WORK REQUIRED — Beginning with the line that has "1、下载windows版本nodejs及安装" and ending with the line that has "青少年组的课程内容更注重实用", retype the entries below exactly, except for the pictures.

MATERIAL TO PROCESS —

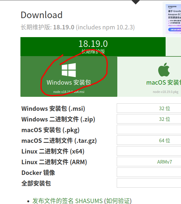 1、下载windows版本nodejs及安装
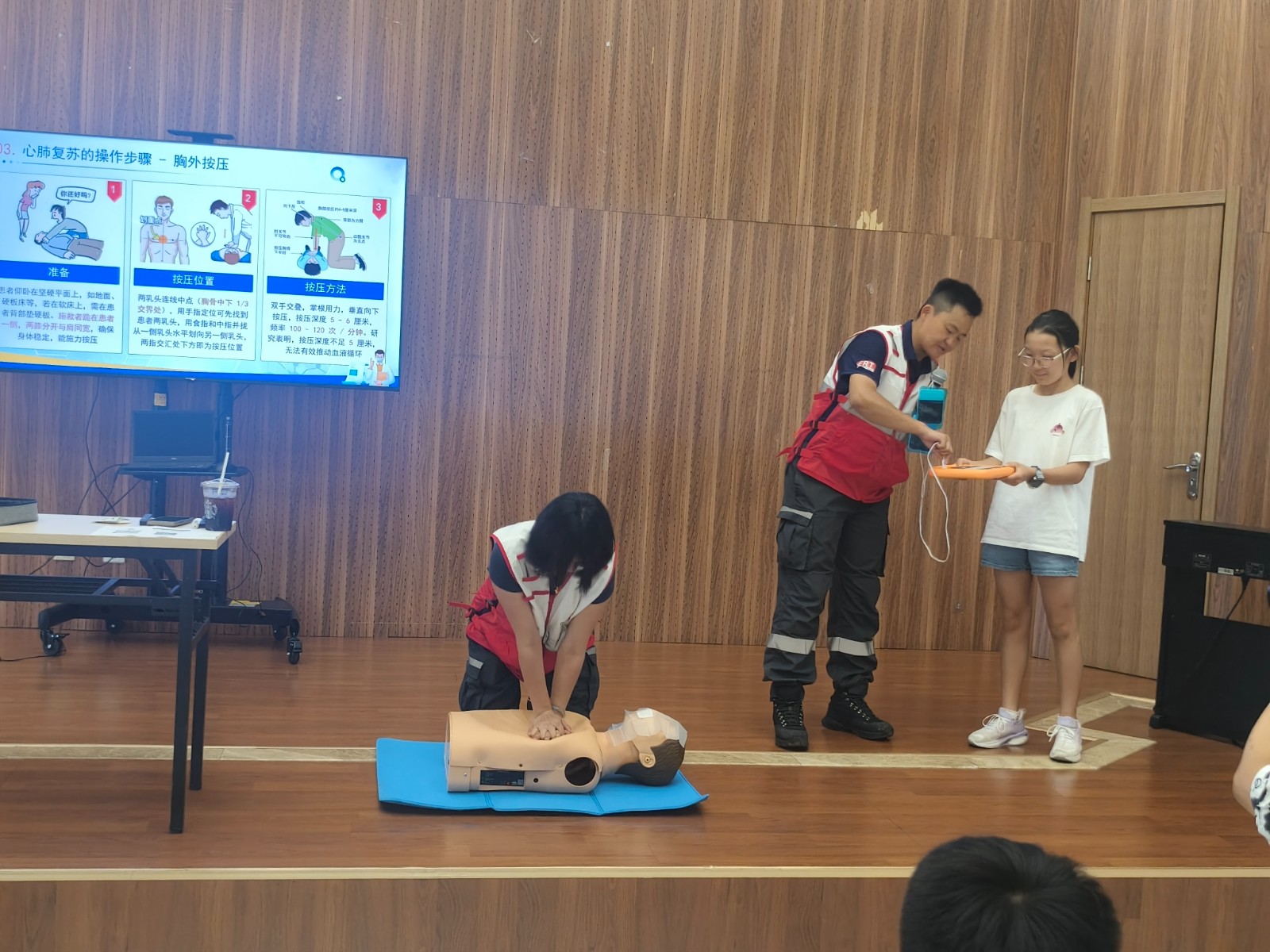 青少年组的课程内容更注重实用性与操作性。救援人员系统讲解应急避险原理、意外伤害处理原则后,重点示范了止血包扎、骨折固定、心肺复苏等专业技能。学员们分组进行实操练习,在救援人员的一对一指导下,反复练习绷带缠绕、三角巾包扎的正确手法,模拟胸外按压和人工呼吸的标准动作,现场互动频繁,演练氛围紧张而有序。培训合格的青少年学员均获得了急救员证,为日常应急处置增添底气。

==

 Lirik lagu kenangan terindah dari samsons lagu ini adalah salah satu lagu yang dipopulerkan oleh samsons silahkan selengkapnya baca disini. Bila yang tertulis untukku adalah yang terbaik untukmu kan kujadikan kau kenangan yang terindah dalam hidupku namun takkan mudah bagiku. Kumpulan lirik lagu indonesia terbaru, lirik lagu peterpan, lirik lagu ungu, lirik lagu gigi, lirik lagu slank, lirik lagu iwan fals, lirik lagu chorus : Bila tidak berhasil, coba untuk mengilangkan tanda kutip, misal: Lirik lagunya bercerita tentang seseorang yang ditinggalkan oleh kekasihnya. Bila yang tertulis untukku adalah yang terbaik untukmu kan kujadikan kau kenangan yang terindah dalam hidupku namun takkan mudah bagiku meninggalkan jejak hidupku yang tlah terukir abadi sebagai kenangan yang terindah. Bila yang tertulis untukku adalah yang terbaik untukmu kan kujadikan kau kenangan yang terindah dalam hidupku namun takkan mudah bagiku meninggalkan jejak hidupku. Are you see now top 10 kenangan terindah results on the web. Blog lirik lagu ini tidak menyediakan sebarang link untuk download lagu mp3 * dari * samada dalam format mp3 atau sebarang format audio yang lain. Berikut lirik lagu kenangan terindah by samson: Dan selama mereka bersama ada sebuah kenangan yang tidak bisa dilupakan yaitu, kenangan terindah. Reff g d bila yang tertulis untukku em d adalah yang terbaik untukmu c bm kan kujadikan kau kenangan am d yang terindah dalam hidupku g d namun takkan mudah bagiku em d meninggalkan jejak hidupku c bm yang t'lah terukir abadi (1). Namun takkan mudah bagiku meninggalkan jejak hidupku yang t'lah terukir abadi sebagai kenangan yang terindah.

TASK ANSWER —
 1、下载windows版本nodejs及安装
 青少年组的课程内容更注重实用性与操作性。救援人员系统讲解应急避险原理、意外伤害处理原则后,重点示范了止血包扎、骨折固定、心肺复苏等专业技能。学员们分组进行实操练习,在救援人员的一对一指导下,反复练习绷带缠绕、三角巾包扎的正确手法,模拟胸外按压和人工呼吸的标准动作,现场互动频繁,演练氛围紧张而有序。培训合格的青少年学员均获得了急救员证,为日常应急处置增添底气。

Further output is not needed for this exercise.